Within China there are large differences with general drying in the north and wetting in the south (the latter dominates the regional signal). For annual total precipitation, most of the declining trends occur in the Yellow River basin and in northern China Stations in southern China tend to have the larger positive trend magnitudes for all precipitation indices based on intensity. Unusually though, the strongest negative trends in consecutive dry days are in northern China, because values of CDD are typically higher in the drier climates of northern and western China. This means that precipitation may become more frequent in northern regions, even though it is not becoming heavier.

Precipitation in China mostly occurs during the summer monsoon and since the 1970s, the Asian monsoon circulation is thought to have weakened (Wang 2001). This tends to produce heavier precipitation in southern China but less moisture transport to regions further north. Warmer waters in the Western Pacific and South China Sea tend to enhance the subtropical high that stalls the summer rain belt for long periods over southern China (Xu 2006). Thus the decline of the Asian monsoonal circulation strength has contributed to severe rainfall anomalies over recent decades, including floods in southern China, and droughts in the north (Ding 2005; Gong and Wang 2000; Xu 2006). Increasing geopotential height over Mongolia and northern China, the South China Sea and west Pacific regions has also prevented the northward propagation of the vapor flux, increasing summer precipitation in the middle and lower Yangtze River basin (Wang and Zhou 2005; Zhang et al. 2008). In winter, the southwesterly wind in northern Mongolia has strengthened, which in turn weakens the southern extent of the winter monsoon, limiting its southward extension. This would explain why the cold temperature extremes events have greatly decreased in northern China,

The reasons for such a decline in monsoon strength are widely debated. They may relate to increased air pollution, especially sulfate aerosols, over south-central China. Several model simulations suggest that anthropogenic air pollution may have contributed to the decline of the East Asian summer monsoon (Xu 2006). However it is also know that climate warming would increase atmospheric moisture advection from the oceans because evapotranspiration would increase preferentially over the ocean, altering the distribution of precipitation (IPCC 2007). Thus many models disagree about the impacts of greenhouse warming on rainfall changes in China (Gong and Wang 2000).

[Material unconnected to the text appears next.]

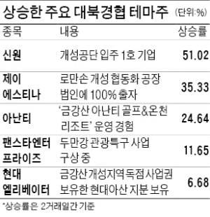 개성공단에 입주한 이력이 있는 기업들도 이날 일제히 급등했다. 로만손 개성 협동화 공장 법인에 100% 출자한 제이에스티나가 29.97% 올랐다. 개성공단 입주 1호 기업인 신원은 이날 16.23% 올랐다.

We have not assessed the reasons for the changes we observed in this study but plan to do so in subsequent work. In particular assessment of changes in extremes in climate model simulations (as well as observations) is required to see how anthropogenic emissions are expected to influence extremes. We should also look at relationships between changes in temperature extremes and attendant changes in precipitation extremes, since any enhancement of the hydrological cycle under warmer temperatures should mean that the two types of extreme are not necessarily independent.